What two luxury items would you take with you to the jungle if you were on I'm A Celebrity - Get Me Out Of Here, asked daughter.

The question came as we curled up to watch her new favourite programme last week.

"I don't know, what would you take?" I replied. "I would take my favourite lip gloss and my new eye shadow so I could look pretty if there were any cute boys there she said.

"I don't think I'd bother with the makeup," I mused. "I'd take a photo of you and your dad and a notebook and pen."

"You couldn't take a pen," she said. "That would be a third thing and you're only allowed two."

"What would you take?" she asked her dad, who was reading the paper. "What would I take where?" he asked, not being interested in reality TV shows.

"To the jungle. If you were on I'm A Celebrity - Get Me Out Of Here."

"Oh, that rubbish. I would take a copy of the bush trekker's survival guide, which I would have spent reading two weeks before I went to the jungle and a fishing rod. That way, when everybody failed to do the trials for food I could go fishing. Mind you, I wouldn't share it with anyone.

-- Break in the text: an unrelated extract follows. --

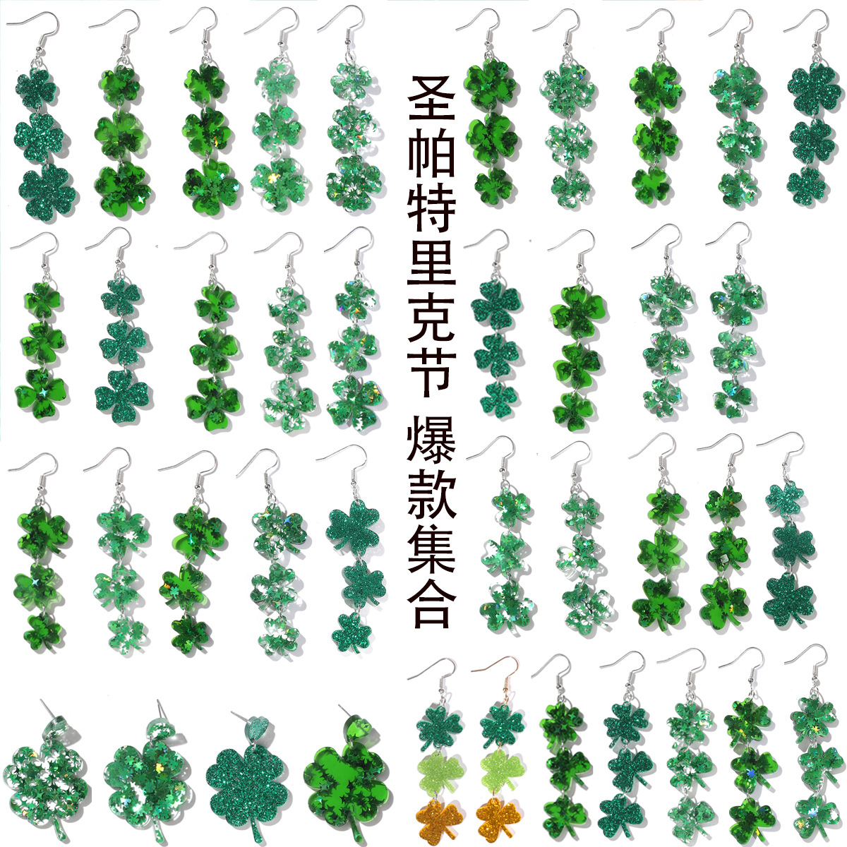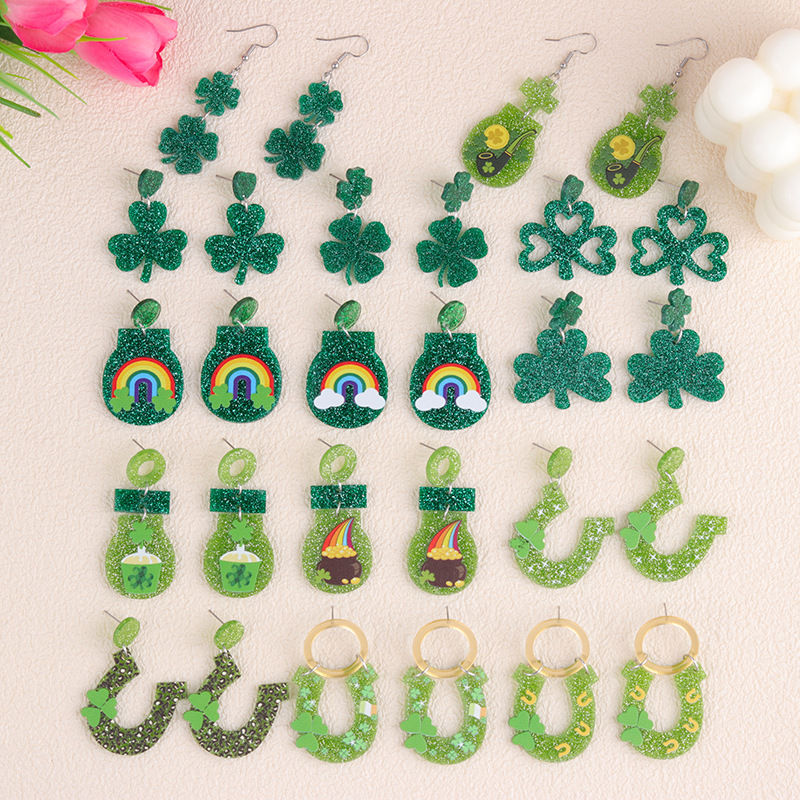 亚马逊跨境欧美节日闪粉圣帕特里克节四叶草三叶草亚克力女士耳坠

"But that would be mean and selfish," said daughter. "No it wouldn't. It would be mean and shellfish," quipped her dad.

"In that case," I chipped in, "my two luxury items would be a notebook with a photo of you and your dad on the cover with an integral pen and my second item would be your dad so he could find me food."

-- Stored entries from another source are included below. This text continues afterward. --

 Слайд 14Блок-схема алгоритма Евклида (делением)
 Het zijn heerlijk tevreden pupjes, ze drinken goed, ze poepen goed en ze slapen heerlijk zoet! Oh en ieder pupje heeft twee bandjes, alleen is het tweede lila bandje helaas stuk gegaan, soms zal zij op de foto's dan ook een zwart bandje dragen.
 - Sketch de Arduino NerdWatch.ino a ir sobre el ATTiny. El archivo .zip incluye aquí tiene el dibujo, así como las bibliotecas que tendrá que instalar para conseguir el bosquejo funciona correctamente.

"But you can't take a person," daughter said. "That's not a luxury item.

"The amount of money you cost us each month means you are a luxury item," her dad told her.

The conversation continued in this vein for the rest of the show. It's a good job we are not celebrities and so are highly unlikely to be invited to go to the jungle anyway.

I think we would be better of doing a show called I'm A Couch Potato - Pass The Crisps.